I bought his debut LP Veneer the other week on the strength of this track alone. Like Elliott Smith’s earliest releases, the record is self-produced and thus has an endearingly dusky lo-fi quality to it which not only really adds to its overall character but oftentimes recalls the delicate sound of Nick Drake. It clocks in at just over half an hour and rarely progresses above a hushed whisper – indeed, it’s so intimately recorded that you can hear every scrape and squeak along the frets, every breath inhaled and every shift in expression, no matter how subtle.


After listening to the album in its entirety several times, Lovestain was the song which really started jumping out at me. The track has a cold, edgy malevolence about it which could only come from the most steely-eyed and calculated of restraint. It revolves around a methodical guitar motif which evokes an air of Appalachian folk, and the lyrics consist of just three lines repeated like a mantra: “You left a lovestain on my heart / You left a bloodstain on the ground / But blood comes off easily”. A series of dull hand-claps lend the track a monotonous, hypnotic rhythm as the song rises and falls within its given parameters of volume, as if on the edge of breaking into a rage before quietly reigning itself in.

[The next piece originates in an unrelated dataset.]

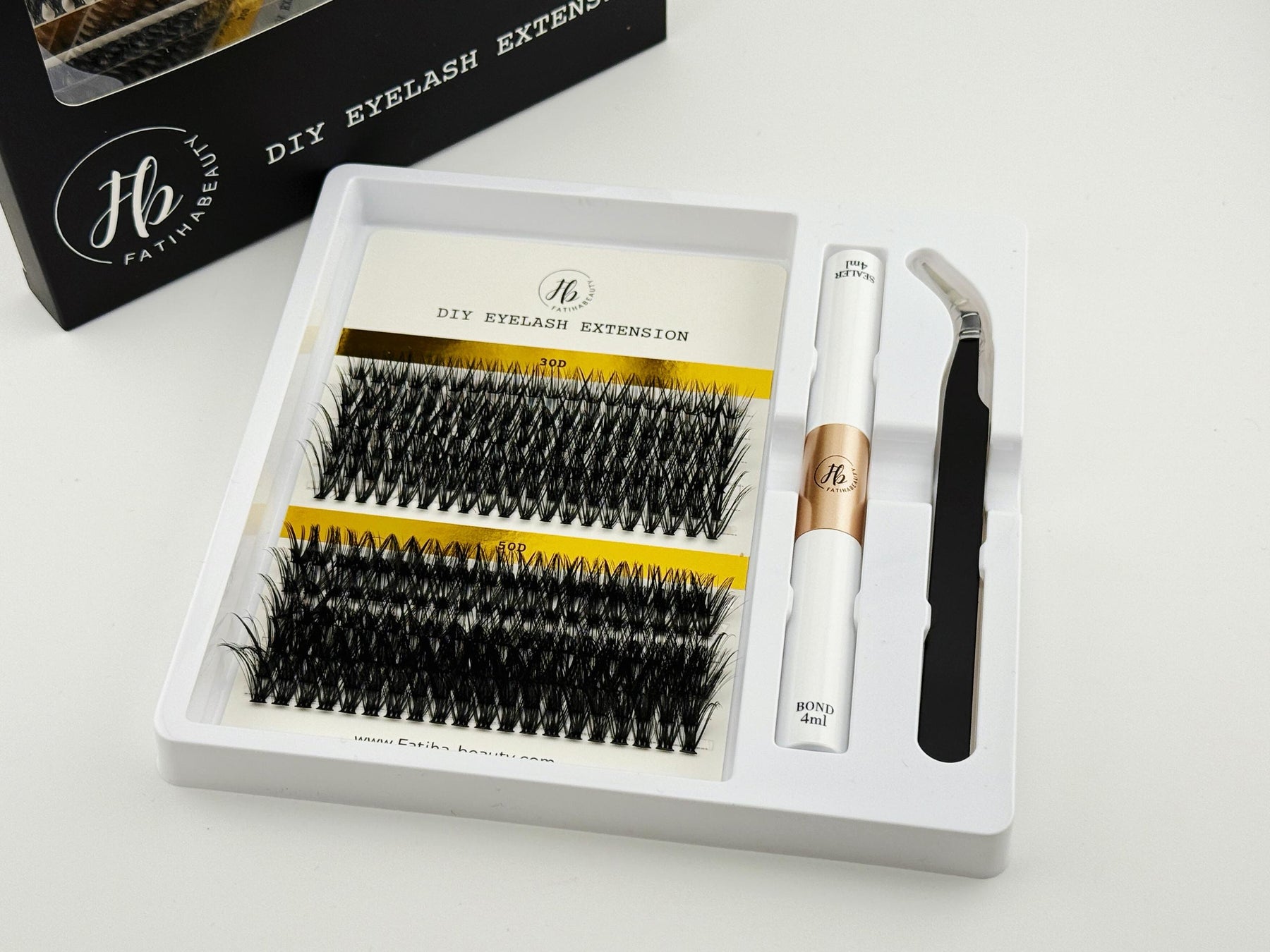 Sublimez votre regard facilement avec le Kit DIY Cils Cluster Fatiha Beauty.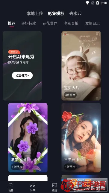 来电秀秀铃声类软件简直是手机个性化的绝佳选择!它能让你的手机来电告别单调,充满独特魅力。这里有海量丰富的铃声资源,涵盖抖音神曲、流行视频与热门音乐,完美结合超炫超酷。每天都会上线最新铃声,首家支持 3D 重力感应的来电秀资源,总能满足你的新奇需求。软件里有各种类型的来电秀,动漫、电音、明星、影视等应有尽有。操作特别便捷,能秒设来电秀,还支持给亲密联系人设置专属来电皮肤,亲密无间。多个皮肤可轮换显示来电秀,每次接电话都与众不同。能自由设置播放列表,还能定制手机的来电秀背景壁纸,支持自定义个人相片在线展现真我。让乏味的生活变得有趣,从此每天期盼着来电话,快来下载体验吧!

The singer’s voice is impassive throughout and rarely displays any emotion; indeed, such is the power generated by his apparent detachment that you can almost imagine José González hunched over his acoustic guitar in a dark basement somewhere playing with the same intensity that he might in front of an audience of thousands. The track ends abruptly after a mere 134 seconds with the cold proclamation, “You left my heart stained” – a sentiment which anyone who’s surrendered to the charms of this unique and talented artist would no doubt echo in the strongest terms imaginable.